We have outlined a modification of the regression calibration method33 which is particularly suited to studies where there is a substantial amount of shared error, and where there may also be curvature in the true dose response. We have shown in fits to a number of synthetic datasets in which there is substantial upward curvature in the true dose response, and varying (and sometimes substantial) amounts of classical and Berkson error, that the coverage probabilities of all methods for the linear coefficient are near the desired level, irrespective of the magnitudes of assumed Berkson and classical error, whether shared or unshared. However, the coverage probabilities for the quadratic coefficient are generally too low for the unadjusted and regression calibration methods, particularly for larger magnitudes of the Berkson error, whether this is shared or unshared, while MCML yields coverage probabilities for the quadratic coefficient that are uniformly too high.
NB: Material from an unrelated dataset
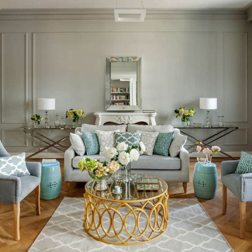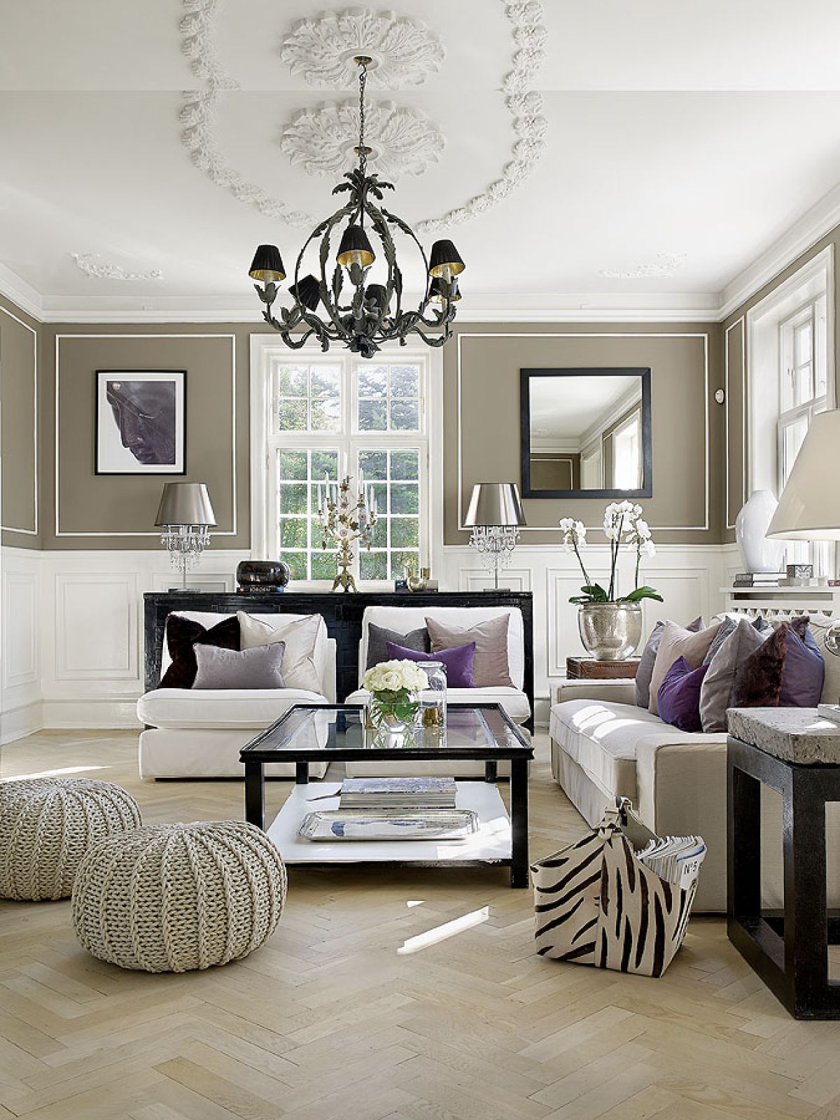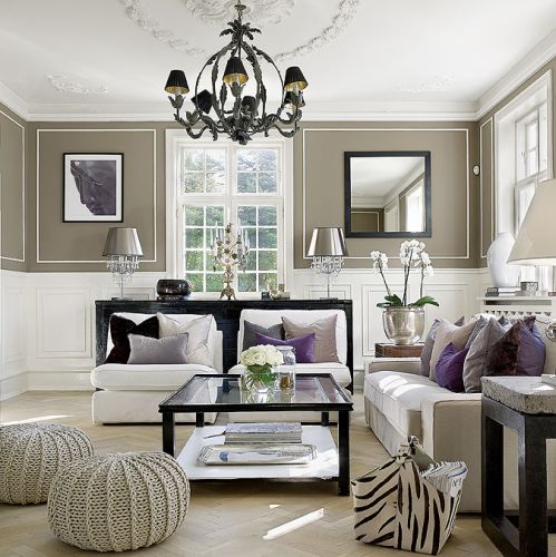 Niezbędne dodatki do mieszkania w stylu glamour to srebrna zastawa, wzorzyste, ale stonowane w barwach tapety, lustra, świeczniki, puzderka na biżuterię. Zaś na ścianach są dekoracyjne panele lub klasyczne sztukaterie.

The extended regression calibration method yields coverage probabilities that are too low when shared and unshared Berkson errors are both large, although otherwise it performs well, and coverage is generally better than these other methods. A notable feature is that for all methods apart from extended regression calibration the estimates of the quadratic coefficient are substantially upwardly biased.